Apparently not knowing about the covert operation underway, the officers uncovered the audio recorder in Signal’s cell. They pulled it out and placed it on a table in full view of Hausner. The gig was up.

By the time Signal returned to his cell, every inmate in the SMU knew he was a snitch. “It was a disaster,” Schwartzkopf says. “He was completely burned to any law enforcement agency because of what occurred.”

And what did Hausner say to Signal? Not a word, says Schwartzkopf. To this day, as far as Schwartzkopf knows, Hausner has never spoken to anyone so freely. He doesn’t even trust his fellow inmates.

“When that happened, the balloon just deflated,” Schwartzkopf says. “We all kind of looked at each other and said, ‘That was our last shot.’ Unless somebody independently comes forward and just says something, it was really our last shot at getting him to admitting to anything.”

Since that day, authorities have had amazing success in the Serial Shooter case.
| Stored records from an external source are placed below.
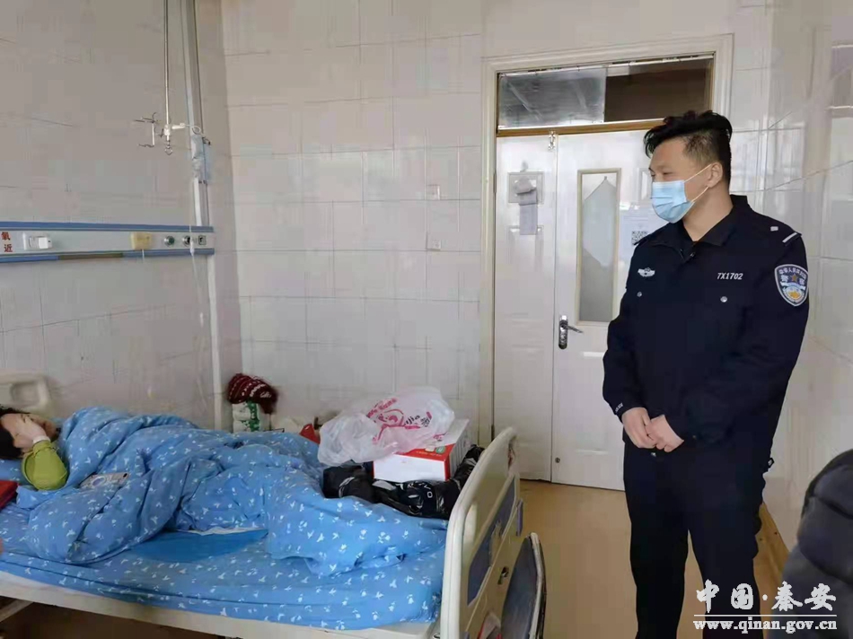 當(dāng)日上午10時30分許,秦安縣公安局蓮花派出所接到縣局指揮中心指令稱,在秦安縣蓮花鎮(zhèn)湫果村至蓮花鎮(zhèn)途中,一名即將臨盆的孕婦在前往醫(yī)院途中,因大雪封路其車輛無法行駛被困,120急救車因道路積雪不能及時趕到,急需救援。
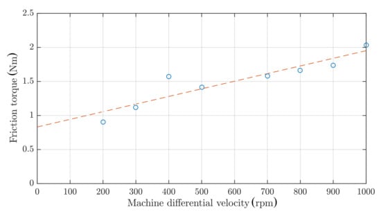 In order to compare the electromagnetic FEM simulations and measurements, mechanical losses had to be incorporated into the FEM results. The static and dynamic friction calculated based on the measurements in load and no load conditions for different relative rotational velocities torque has been added to the simulation. Figure 14 shows the friction torque in the function of differential speed.
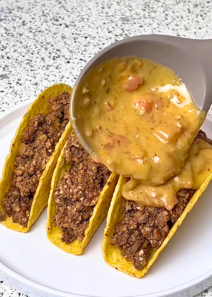 - Spoon over the hot vegan Rotel queso.
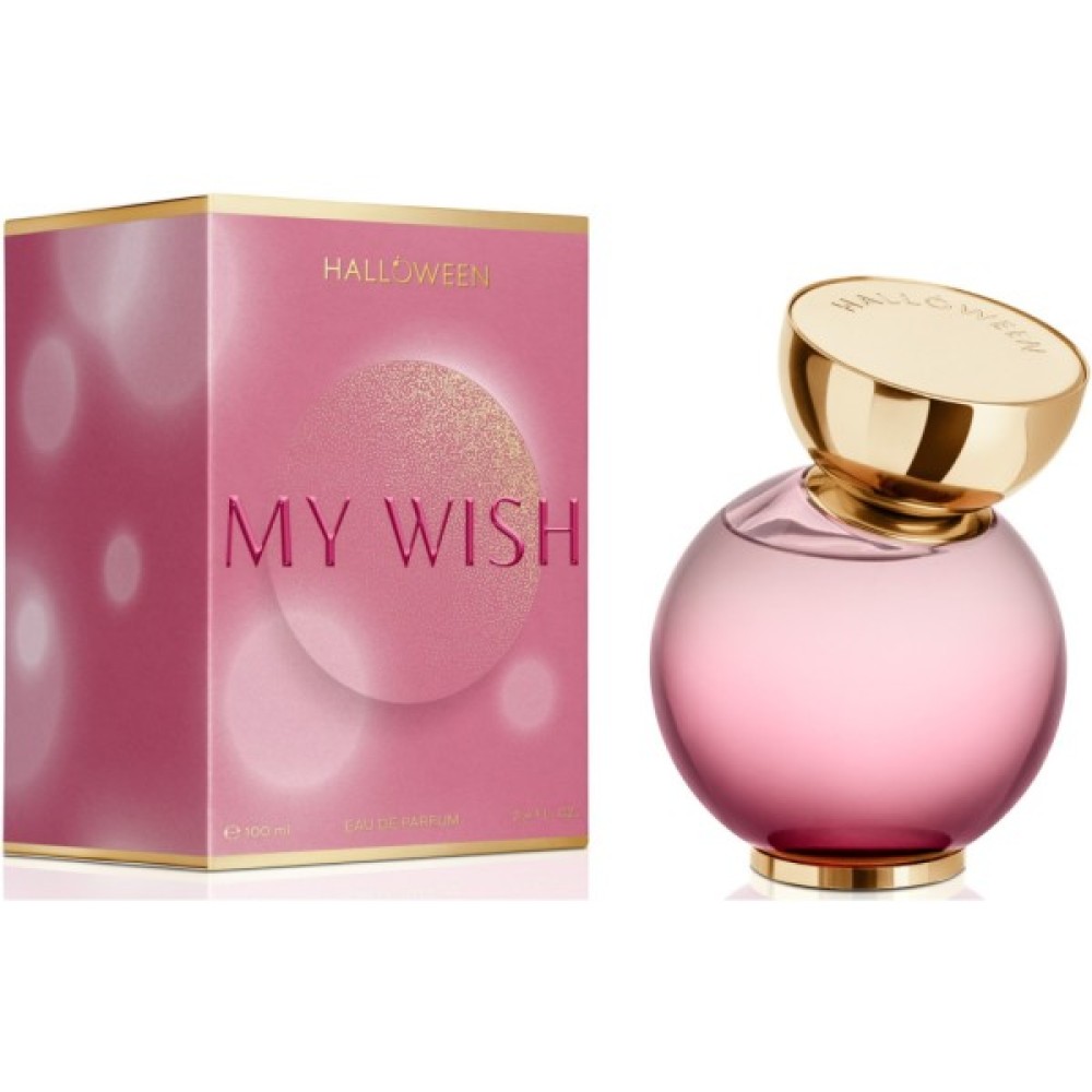 Halloween My Wish Eau De Parfum — фруктовий квітковий гурманський аромат для жінок, випущений у 2024 році. My Wish — це аромат таємних бажань та явної чарівності. Спочатку з'являються бажання, тоді мрії, а потім вони втілюються у реальність. Реальність, наповнену мріями та бажаннями, красою, спокусою та радістю буття, пропонує вишуканий рожевий флакон із золотистою кришкою.

Dale Hausner received six death sentences this March in addition to being sentenced to more than 400 years in prison. Sam Dieteman, who testified against both Hausners, was spared the death penalty by a jury for his cooperation and given three life sentences.

But the inability to get Jeff Hausner on anything more than the stabbing charges is something that continues to stay with many of those in law enforcement.

Schwartzkopf is writing a book about his experience and is hoping to find a publisher this fall. Meantime, he says he hopes that anyone who knows something about Jeff Hausner, no matter how insignificant it seems, will come forward.

It just might be the break he’s been hoping for.